AgriMind is an AI-powered sustainable farming platform that helps growers:

Deploy a mobile field robot with temperature, moisture, air quality, and light sensors to scan crop zones and detect anomalies.
Stream sensor readings to the web app over real-time websockets, then store them in SQLite for historical trend analysis with charts and graphs.
Run a multimodal video pipeline using TwelveLabs (Marengo + Pegasus) for embedding/summarization to analyze footage for equipment failure, abnormal events, timestamped risk moments, water loss/usage, carbon-footprint estimates, and actionable recommendations.
Run an image analysis pipeline using Cloudinary for uploaded farm photos with cloud storage + annotation of sustainability metrics (CO2 impact, water usage, and risk insights).
Query both pipelines through Fetch.ai agents as tool functions, so users can ask natural-language Q&A in Agentverse/ASI:One about past footage and uploaded media.
Use a two-stage AI pipeline on the ASUS Ascent GX10: a fine-tuned PaliGemma (LoRA) vision model classifies crop disease with 96.35% accuracy and ranked confidence scoring, then Gemma 4 via Ollama generates plain-language treatment recommendations from fused vision + sensor outputs.
Use the Irrigator Agent to combine weather + sensor context into precise watering actions (e.g., reduced irrigation when rain is likely) with chat-based reasoning.
Interact through ElevenLabs voice support to ask about sensor trends, agro-tech operations, and sustainability decisions hands-free.

How we built it

AgriMind is designed as a modular, multi-layer agri-intelligence stack that connects robot telemetry, multimodal media analysis, agent orchestration, and decision support into one pipeline.

1) System architecture (end-to-end flow)

Edge Sensing (Robot Layer) The mobile field robot is built on a Raspberry Pi 4 paired with a Pi Shield, which provides the physical interface for connecting the following sensors:

Soil Moisture Sensor — measures real-time volumetric water content at the root zone to detect under/over-watering conditions Temperature Sensor — captures ambient and canopy-level thermal readings to flag heat stress or frost risk Air Quality Sensor — monitors atmospheric indicators (e.g., CO₂, particulate matter, VOCs) relevant to crop health and micro-environment conditions Light/LDR Sensor — measures photosynthetically active radiation (PAR) / sunlight intensity to assess light availability per crop zone

As the robot traverses the field and stops near each plant, it simultaneously:

Captures a close-up plant image using an onboard Logitech camera module Samples all four sensors to produce a structured telemetry snapshot tied to that location

The Raspberry Pi is accessed and monitored remotely via SSH from a development PC, enabling real-time observation of sensor readings, system logs, and robot state during field runs.

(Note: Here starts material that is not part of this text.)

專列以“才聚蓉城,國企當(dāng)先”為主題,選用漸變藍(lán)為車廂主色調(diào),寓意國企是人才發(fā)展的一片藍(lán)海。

Sensor-to-Inference Pipeline

Rather than processing locally on the Pi (which lacks the compute for ML inference), the robot transmits both the captured image and the structured sensor payload to the ASUS Ascent GX10 — a dedicated on-premise AI accelerator. The GX10 runs a two-stage inference pipeline: a fine-tuned PaliGemma (LoRA) vision model classifies crop condition at 96.35% accuracy with ranked confidence scores and crop-aware filtering, then a fusion layer combines VLM confidence with live sensor readings (moisture, temperature, air quality, light) into a structured risk score — which Gemma 4 (served locally via Ollama) converts into concise, farmer-readable recommendations. Each inference run is persisted as both a .pkl binary and .json artifact for logging and trend analysis.

Realtime ingestion + persistence (data layer)

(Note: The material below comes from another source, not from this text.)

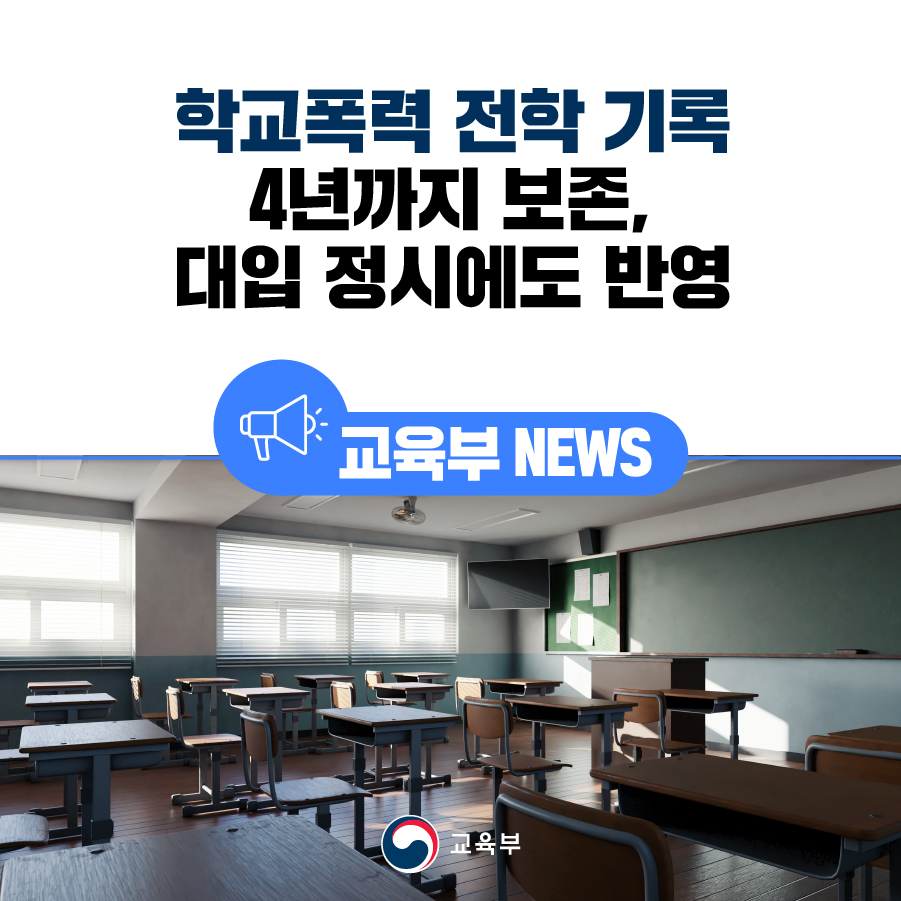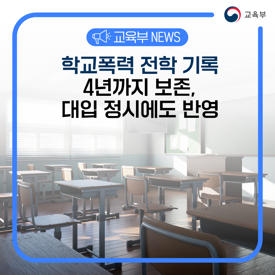 먼저, 중대한 학교폭력을 일으킨 가해학생에게 내려지는 출석정지(6호), 학급교체(7호), 전학(8호)의 학생부 기록 보존기간을 졸업 후 2년에서 4년으로 연장하여 ‘학교폭력시 대학 입학뿐만 아니라 졸업시까지도 불이익을 받는다’는 경각심을 강화한다.

Sensor events are streamed to the web platform via WebSocket-style realtime flow and persisted in SQLite for historical analytics. This enables trend charts, anomaly checks, and stateful decisioning.

Frontend control + observability (UI layer)

A React + TypeScript frontend provides:

Live dashboard and trend visualizations
Disease-analysis upload UI (drag/drop + preview + classification)
Cloudinary media pipeline views
Irrigation decision + rationale + chat interface
Voice interaction (ElevenLabs widget)

Backend services + API routes (application layer)

A FastAPI backend exposes route-level capabilities for:

Agent decisioning
Explanation generation
Cloudinary event/latest retrieval and webhook handling
TwelveLabs index/history/ingest/summarize/Q&A operations
These routes normalize frontend calls and orchestrate external AI services.

Multimodal analysis pipeline (vision/video layer)

Cloudinary is used for media ingestion/storage and transformed assets.
Video intelligence routes support indexed video search/Q&A/summarization and timestamped risk segmentation.
Output includes equipment-risk indicators, abnormal-event detection, and sustainability-oriented insights.

Disease classification module (ML layer)

Implemented as a separate service in classification-model/ (kept isolated from core backend):

Trained on PlantVillage and PlantDoc open datasets, preprocessed via automated scripts that reorganize raw images into class structure and generate train/val/test JSONL splits, achieving 96.35% classification accuracy
Exposes POST /predict for image inference
Returns ranked classes + confidence scores
The frontend Disease Analysis tab calls this service directly for classification results.

Irrigation intelligence (decision layer)

Rule + signal-driven irrigation logic combines:

Sensor snapshot
Crop stage
Forecast precipitation probability
Output includes:
Water-need index
Water/skip action
Dose recommendation
Human-readable rationale

Agent orchestration (agentic layer)

Fetch.ai agents are wired as tool-call orchestrators across media/sensor/decision components, so users can query system state and analysis results in natural language.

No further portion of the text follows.